My first year in grad school, I did not have an office. I can't remember whether I eventually got a carrel in the Library or not, but even if I did I probably was only there when reading journal articles and in the first quarter, in particular, that happened mainly in the evening and then in the reserve room. I was on campus pretty much all day. When I was not in class or playing tennis I needed a place to hang out. My two prime places were the cafeteria in the Norris Center and the Library lounge. At breakfast time I'd be by myself. Some of the rest of the day I'd be with classmates or other friends.
I was remarkably productive that first year. I went from knowing very little about economics to be pretty much hooked on economic theory. Some of this obviously was me. Might my environs have mattered too? I would do non-school reading most mornings, mainly the New York Times, which they sold at the information desk in the Norris Center, also the Chicago Reader which was freely available. There is something comforting about periodically glancing around the room, looking at the other people, then back to the sports section. If I had a textbook out instead of the paper, I'd probably spend more time looking at the people.
Now, all these years later, I'm doing a repeat performance. With the kitchen and family room at home being renovated, I spent this morning at the College of Business Instructional Facility. The students aren't back on campus for another week, so its pretty quiet and the folks I saw were all in a relaxed mood. I had one scheduled meeting at 10, but several other conversations with friends happened as well.
The big surprise between now (laptop, earbuds) and then (the intensity of the doctoral program at NU, backpack with notebook and textbooks) seems to me that the feeling is similar. And, at least so far, I kind of like it. Maybe that will change when the students return, as it will be harder to get a table and perhaps the wireless will congest. But for now, it is welcoming.
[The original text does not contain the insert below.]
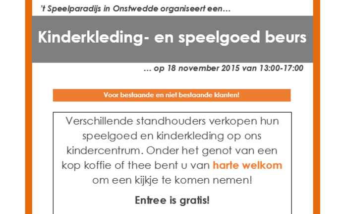 't Speelparadijs in Onstwedde organiseert een kinderkleding- en speelgoedbeurs op 18 november van 13.00 tot 17.00 uur Verschillende standhouders…

Tomorrow I will try the Library as an alternative hangout space and do some work that requires more concentration on my part. Is the solitude better for such work or not? I also need to find a place where I have access to an electric outlet and that won't be too crowded when the students return. In this way I can use the experience to do my own personal investigation on informal learning spaces.
Now off for a walk. It's sunny and in the mid 40s here. Let's hope it stays that way.